Some reviews of "Space: 1999" that I've read over the years have complained about how the scripts often didn't make much sense. They must have had this episode in mind. It begins with an Eagle nuking an asteroid that's in danger of hitting the Moon. Its destruction reveals a full-sized planet that's also in danger of colliding. Since they don't have enough boom available to blow it up, they make plans to plant some carefully-sited charges to create a shock wave that will divert the rogue planet (In space? Where there's no medium to propagate a shock wave?) from the Moon's path. Then Commander Koenig and his Eagle are abducted by a huge spacecraft from the planet. Aboard the dusty, cobwebby interior of the ship he meets a being in the form of an elderly woman, who greets him by name and says that her people have been waiting for him for millions of years. After a vague speech liberally sprinkled with words like "eternity" and "destiny" she sends him back to Alpha.

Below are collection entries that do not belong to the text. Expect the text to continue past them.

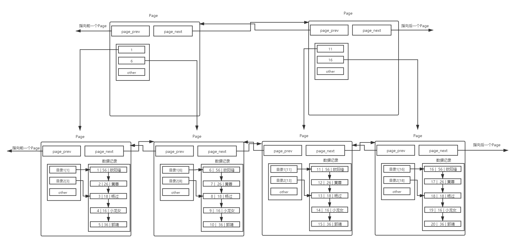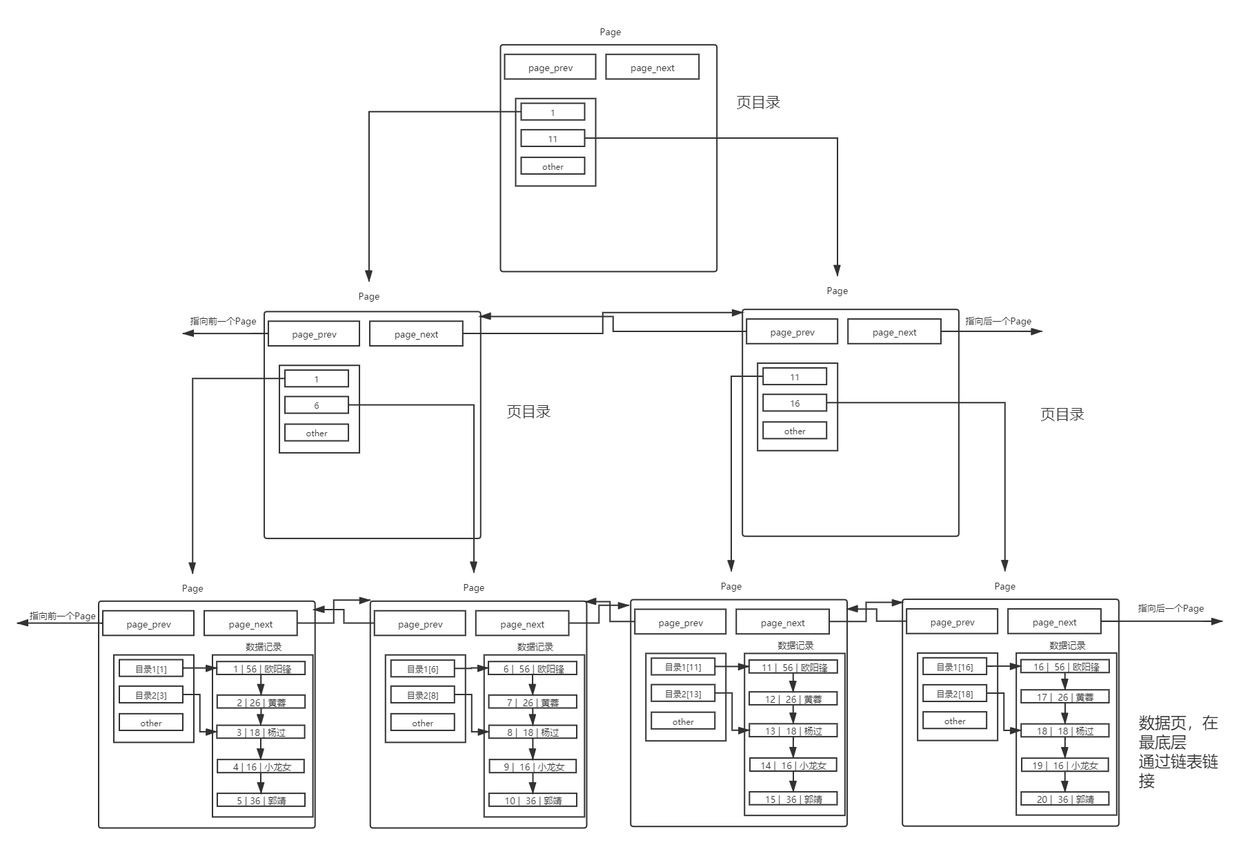 存在一個目錄頁來管理頁目錄,目錄頁中的數據存放的就是指向的那一頁中最小的數據。有數據,就可通過比較,找到該訪問那個Page,進而通過指針,找到下一個Page。其實目錄頁的本質也是頁,普通頁中存的數據是用戶數據,而目錄頁中存的數據是普通頁的地址。但是我們每次檢索數據的時候,應該從哪里開始,雖然頂層的目錄頁少了,但是還需要遍歷,不用擔心,可以在加目錄頁,哈哈,你沒想錯!
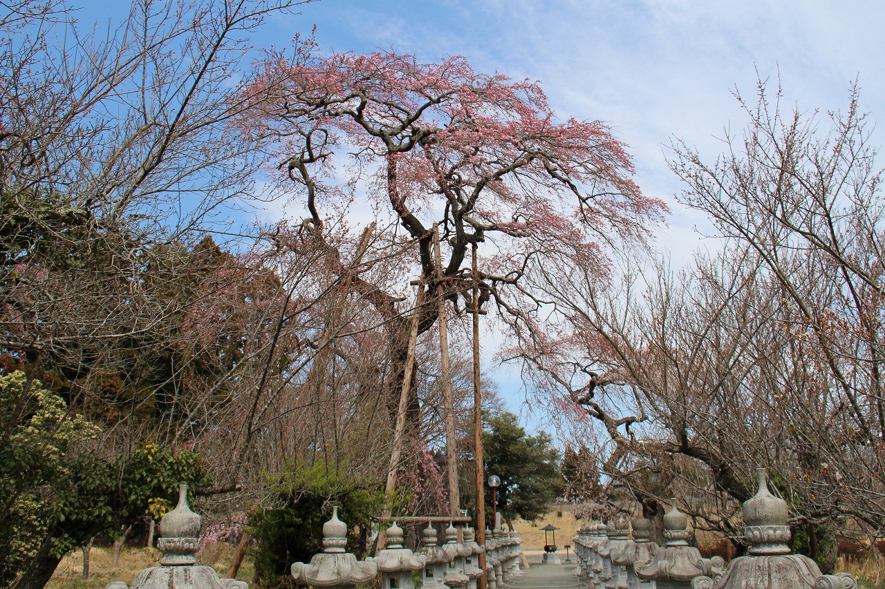 町の文化財にも指定されているしだれ桜は、早くも開花しました。今年も見事な姿を見せてくれる事でしょう。寺院前の町道沿いに咲く水仙は今が見頃です。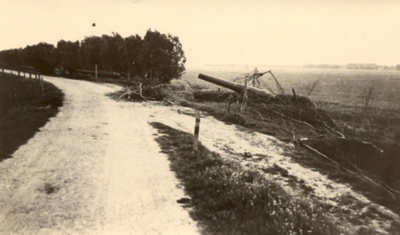 Een batterij 15 lang staal geschut. Deze stokoude kanonnen stonden opgesteld in de Hoeksche Waard en waren onderdeel van de 25 AA ( Afdeling Artillerie ).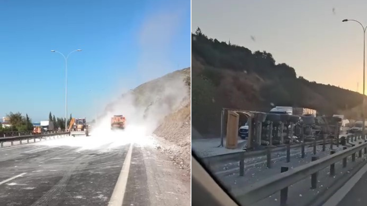 Kocaeli'nin Körfez ilçesi Kirazlıyalı mevkii TEM Otoyolu'nda saat 07.00 sıralarında İstanbul istikametinde seyir halinde olan mıcır yüklü TIR, sürücüsünün direksiyon hakimiyetini kaybetmesi sonucu devrildi.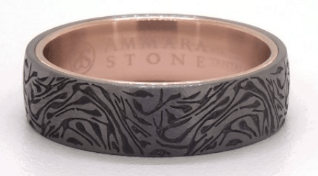The unconventional wood grain pattern of this ring suits a man whose tastes call for something masculine, sleek but more understated than some of the more classic precious metals used for jewelry.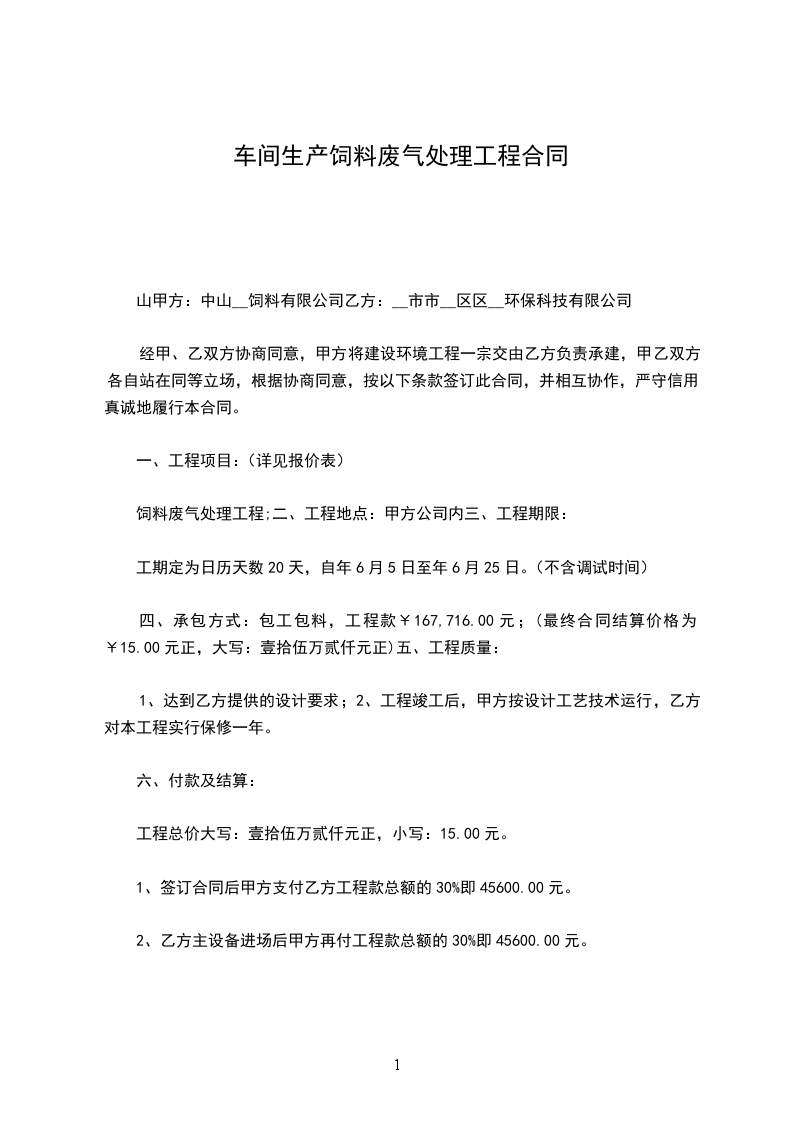 山甲方:中山__饲料有限公司乙方:__市市__区区__环保科技有限公司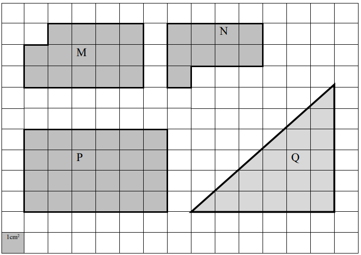 Diện tích hình Q bằng diện tích hình chữ nhật lớn trừ đi diện tích hình vuông ( được tô màu vàng)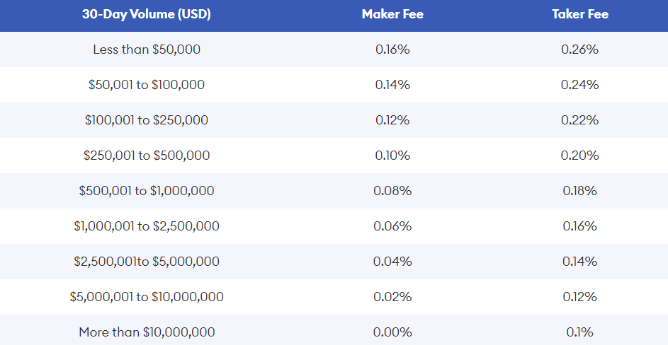 - Với Kraken Pro, phí sẽ thấp hơn đáng kể. Kraken tính phí maker 0.16% và phí taker 0.26% cho các giao dịch từ 50,000 USD trở xuống dựa trên hoạt động trong vòng 30 ngày qua.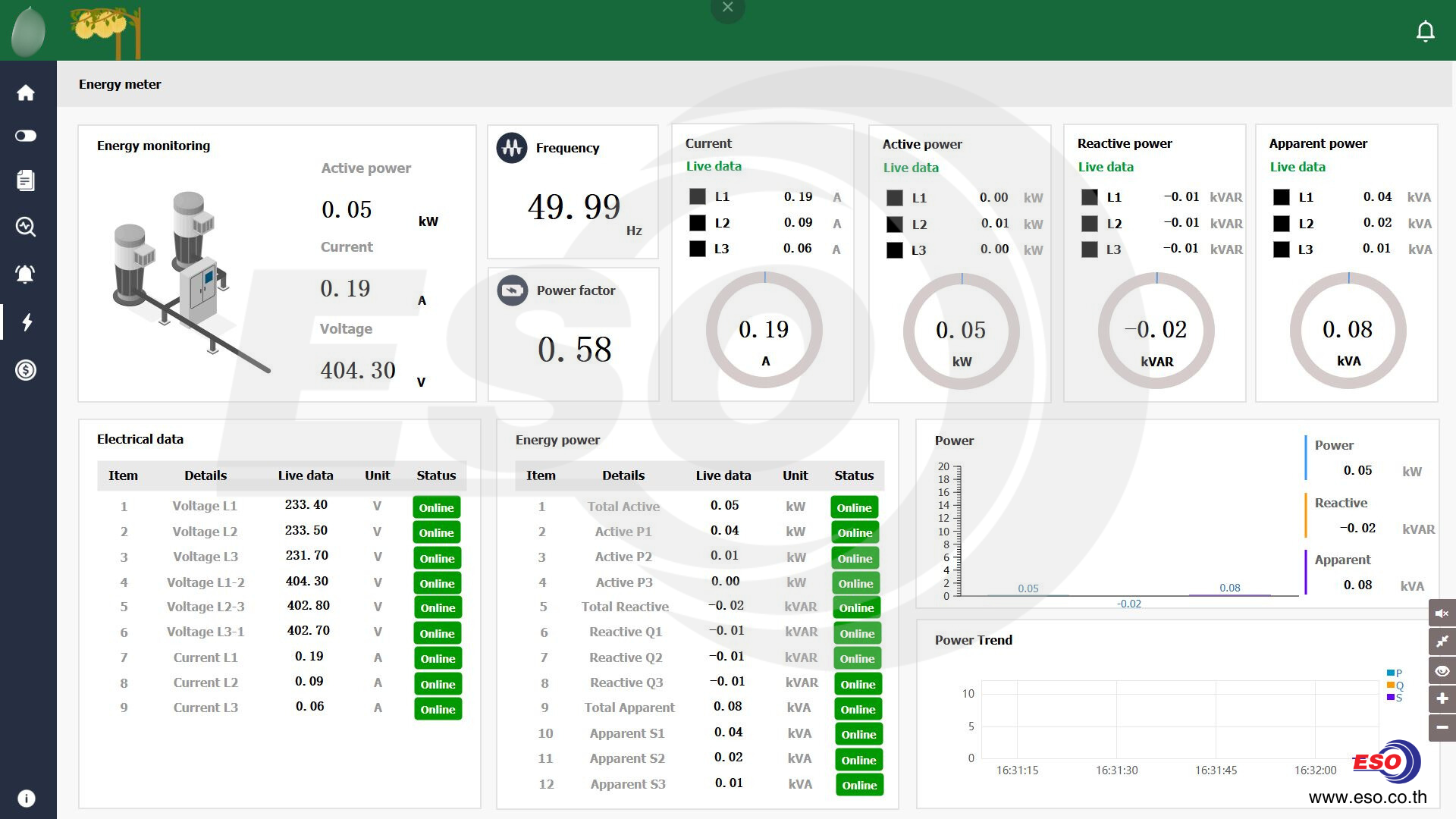 IoT Dashboard แสดงผลค่าพลังงานไฟฟ้าที่อ่านข้อมูลจากมิเตอร์ไฟฟ้าที่ติดตั้งภายในตู้ควบคุม

There, dazed like a typical returned alien abductee, he is assumed to be slightly out of his head, especially when he starts raving about how they've got to call off the shock wave operation. He and a fellow abductee end up starting a brawl in mission control to prevent the countdown. The others are sure that these two madmen are about to doom them all. And then...well, one guess as to what, exactly, happens is as good as another. There's really no making heads or tails of the whole thing.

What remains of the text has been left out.